The MCP TanStack Example server demonstrates how to expose a Model Context Protocol (MCP) endpoint that integrates seamlessly with the popular TanStack ecosystem. By running a lightweight Node.js application, developers can quickly spin up an MCP server that serves as a bridge between AI assistants—such as Claude—and the rich tooling and data sources provided by TanStack. This setup eliminates the need for custom adapters or manual API plumbing, allowing AI assistants to invoke TanStack utilities directly through MCP commands.

The core problem this server solves is the friction developers face when connecting AI assistants to existing JavaScript/TypeScript tooling. Traditional approaches require writing bespoke HTTP handlers, managing authentication, and translating between the assistant’s expectations and the tool’s API. MCP TanStack Example abstracts all of that complexity behind a single, well‑defined endpoint (). The server listens for SSE (Server‑Sent Events) streams, interprets MCP requests, and dispatches them to TanStack functions.
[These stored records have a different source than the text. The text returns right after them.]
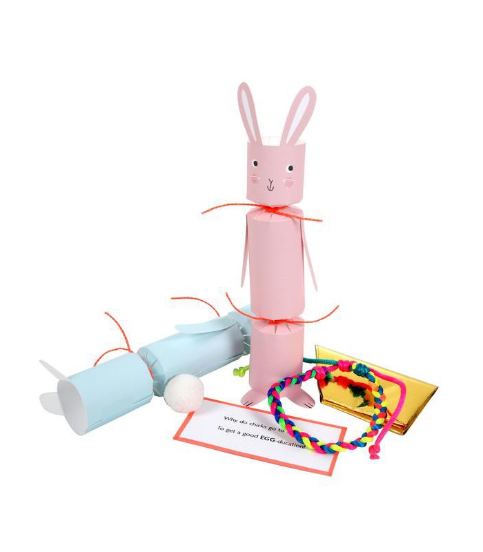 Charmants et très amusants, ces canons à confettis en forme d'adorables petits lapins raviront les enfants! Chaque canon à confetti contient 1 bracelet de l'amitié, 1 chapeau et 1 blague. A déposer sur les assiettes de vos invités pour en même temps décorer la table, à cacher dans le jardin ou la maison lors de la chasse aux oeufs ou tout simplement à offir pour le simple plaisir! Craquez-les et surprise!
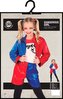 Dziecięcy strój Harley Quinn wyróżnia się żywymi kolorami i błyszczącymi materiałami w czerwono-niebieskiej kolorystyce, wiernie oddając charakter postaci. W zestawie znajduje się elegancka błyszcząca kurtka, kontrastowe kolorystycznie szorty oraz biała koszulka z wyraźnym czarnym napisem i czerwonym wstawieniem, które dopełniają całość. Dzięki starannemu wykończeniu ten kostium będzie świetnym towarzyszem każdej dziecięcej przygody.
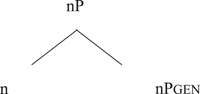 In English, where proper names occur in compounds, the proper name is recognized as such.Footnote 7 Ghomeshi & Massam (Reference Ghomeshi, Massam, Ghomeshi, Paul and Massam2009), discussing examples such as Nixon hater, point out that since this is so, the features that are responsible for this must be located at the level of the NP/nP. To explain this, they distinguish between different flavors of n, namely common n vs proper n.
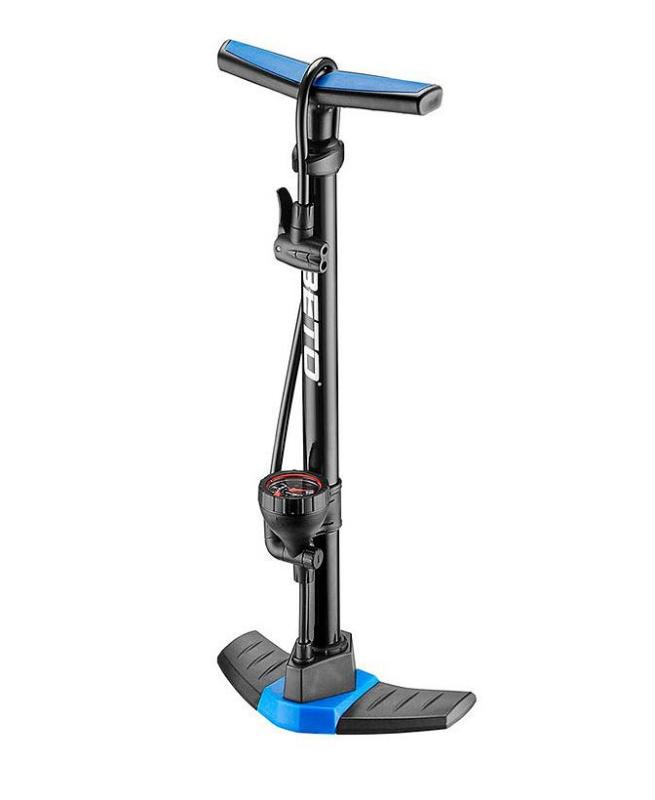Pumpa má pevnou a stabilní základnu, která zajišťuje bezpečné a pohodlné použití bez nechtěného posunu během pumpování. Průměr válce je 32 mm, což přispívá k dostatečnému objemu vzduchu při každém zdvihu, a výška pumpy je 620 mm, což umožňuje pohodlnou obsluhu vestoje.
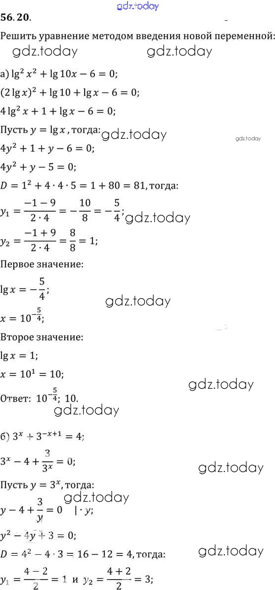 Ответы к §56. Общие методы решения уравнений Глава 10 56. 20 Задачнику по Алгебре для 10-11 класса Мордкович, Денищева Базовый уровень Мнемозина 2015
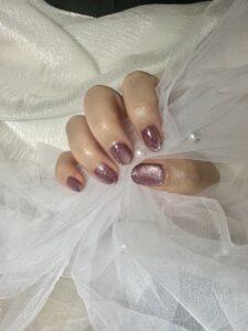 落ち着いたトーンのパープルに、繊細なラメがたっぷりと。
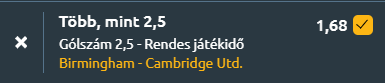 - A Birmingham City egyértelmű esélyesként lép pályára a sereghajtó Cambridge United ellen, hiszen a tabella élén áll, míg ellenfele a kiesés ellen küzd. A hazaiak nyáron komoly erősítéseket hajtottak végre, és eddig be is váltották az elvárásokat, hiszen 19 győzelmükkel és mindössze két vereségükkel vezetik a bajnokságot, ráadásul kevesebb meccset is játszottak. Az FA Kupában vereséget szenvedtek a Newcastle ellen, de a pályán mutatott teljesítmény erőt adhat számukra. Ezzel szemben a Cambridge United kifejezetten gyenge, hiszen 24. helyen áll és hét ponttal van lemaradva a vörös vonaltól. Az elmúlt hetekben ugyan volt némi javulás az eredményeikben, de továbbra is győzelmekre van szükségük a kiesés elkerüléséhez. Összességében a Birmingham City magabiztos és több gólos győzelme várható, mivel a két csapat között jelentős a különbség mind formában, mind játékerejükben. Minimum három gólt várhatunk.
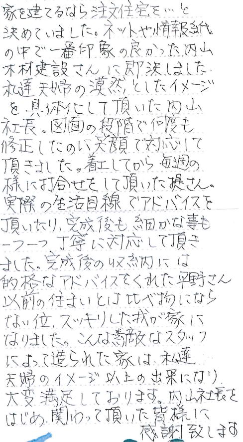 家を建てるなら注文住宅と決めていました。ネットや情報誌の中で一番印象の良かった内山木材建設さんに即決しました。私たち夫婦の漠然としたイメージを具体化して頂いた内山社長。図面の段階で何度も修正したのに笑顔で対応して頂きました。着工してから毎週のように打合せをして頂いた堤さん、実際の生活目線でアドバイスを頂いたり、完成後も細やかな事も一つ一つ丁寧に対応して頂きました。完成後の収納には的確なアドバイスをくれた平野さん。以前の住まいとは比べものにならないくらい、スッキリした我が家になりました。こんな素敵なスタッフによって造られた家は私達夫婦のイメージ以上の出来になり、大変満足しております。内山社長をはじめ、関わって頂いた皆様に感謝いたします。
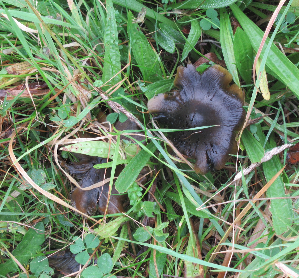 And onto the Mushrooms.  No, I have not eaten any of them.  I am very aware of my ignorance in the field of Fungi and I am happy to forego some of the pleasures of eating delicious food, in order not to die. Overly dramatic possibly, but very safe.  I found both species of mushrooms in the same area.  A few years back we did have a large delivery, a trailer load of spent Mushroom compost and these Mushrooms have appeared quite close to the area, which might have helped bring forth their appearance but Heath Waxcaps are reasonably common in Britain, found most often in grazed grassland. Our field was grazed by sheep for years but that part of the land is poor soil and the grasses and wildflowers are always short and stubby .The official name for this bright orange Fungus is Gliophorus Laetus. The Glio comes from the Greek word glia, meaning glue and the Phorus comes from the Latin word meaning bearing.  It is a description of the gluey liquid that coats the caps and stems of these mushrooms and gives them their shine.
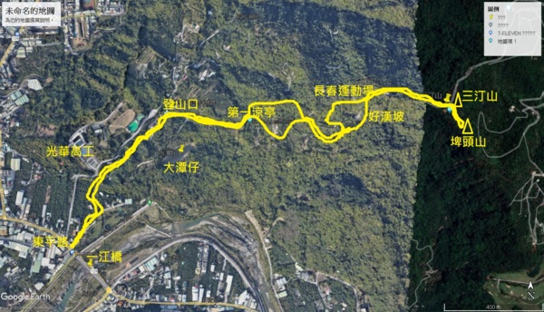 領隊阿伯畫的「咬人狗坑登山步道」路線圖
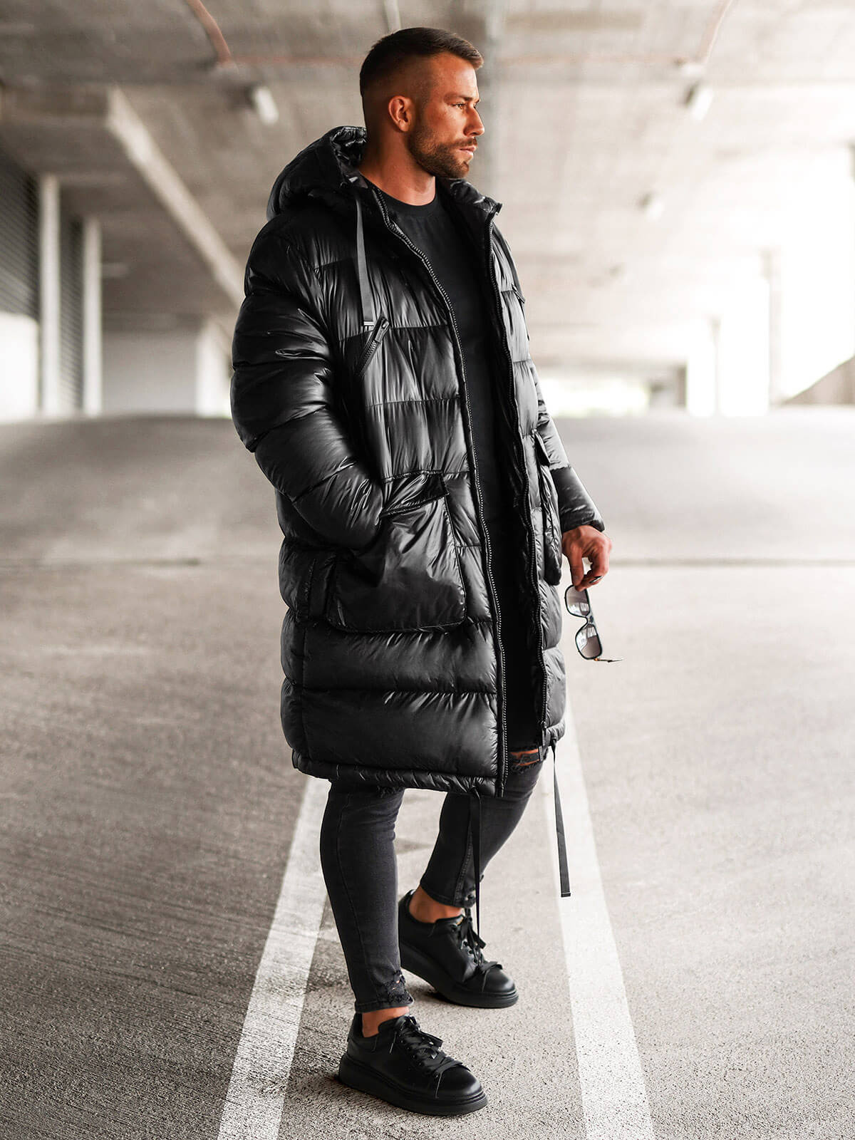 Pánská zimní bunda dlouhá černá OZONEE O/M3205Z
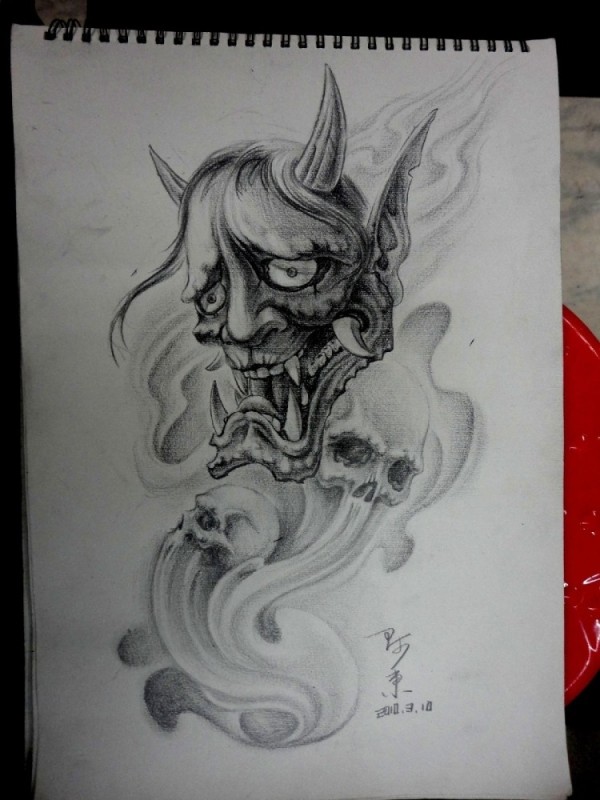 能面万媚纹身手稿_52张日式能剧面具纹身手稿图案素材欣赏
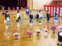 6名の児童の門出を全校児童と保護者、地域の皆さん、教職員でお祝いいたしました。卒業生の皆さん、これからのさらなる活躍をお祈りいたします。
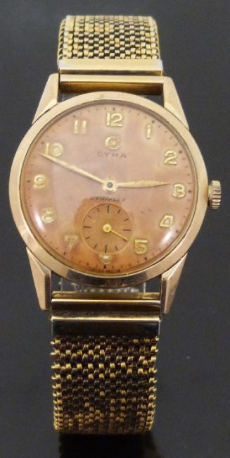Cyma Cymaflex gold plated gentleman's wristwatch with subsidiary seconds dial, gold hand and Arabic numerals and tan face, on expanding metal bracelet, case diameter 30mm
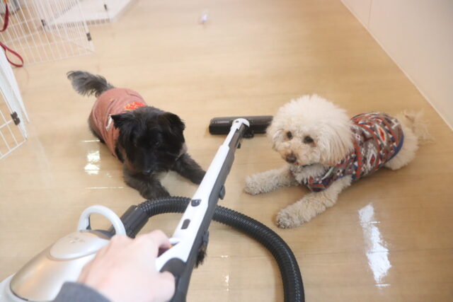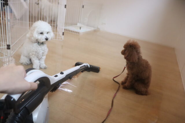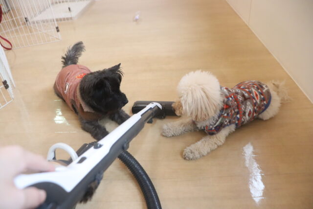 ノンちゃんと一緒に掃除機慣れも行いました!掃除機に興味津々の2頭👀

This means an AI assistant can issue a command like and immediately interact with TanStack’s powerful data fetching, caching, or state‑management capabilities without any additional boilerplate.

Key features of this MCP server include:

  • Zero‑configuration transport: Built on top of Vercel’s proven MCP adapter, the server uses the same transport layer that powers production deployments. This guarantees consistent behavior across local development and cloud hosting.
  • Command‑based invocation: The server accepts simple command strings () that can be embedded directly in AI prompts. This keeps the interaction surface minimal and intuitive for end users.
  • SSE‑driven streaming: By leveraging Server‑Sent Events, the server can stream incremental responses back to the AI assistant. This is especially useful for long‑running data queries or continuous updates from TanStack’s observables.
  • TypeScript friendliness: The example is written in TypeScript, ensuring type safety and IDE support for developers accustomed to the TanStack stack.

Typical use cases include:

  • Data‑driven AI assistants: A Claude instance can fetch live data from a TanStack query, cache results, and present them in natural language responses.
  • Real‑time collaboration tools: Integrate TanStack’s state management to keep AI‑generated UI components in sync with user actions.
  • Rapid prototyping: Quickly expose custom TanStack utilities to an AI assistant for testing or demonstration purposes without building a full REST API.

By embedding MCP TanStack Example into your development workflow, you gain a plug‑and‑play bridge that turns any TanStack tool into an AI‑friendly endpoint. The result is a smoother, more productive collaboration between human developers and AI assistants, unlocking new possibilities for intelligent tooling and automated workflows.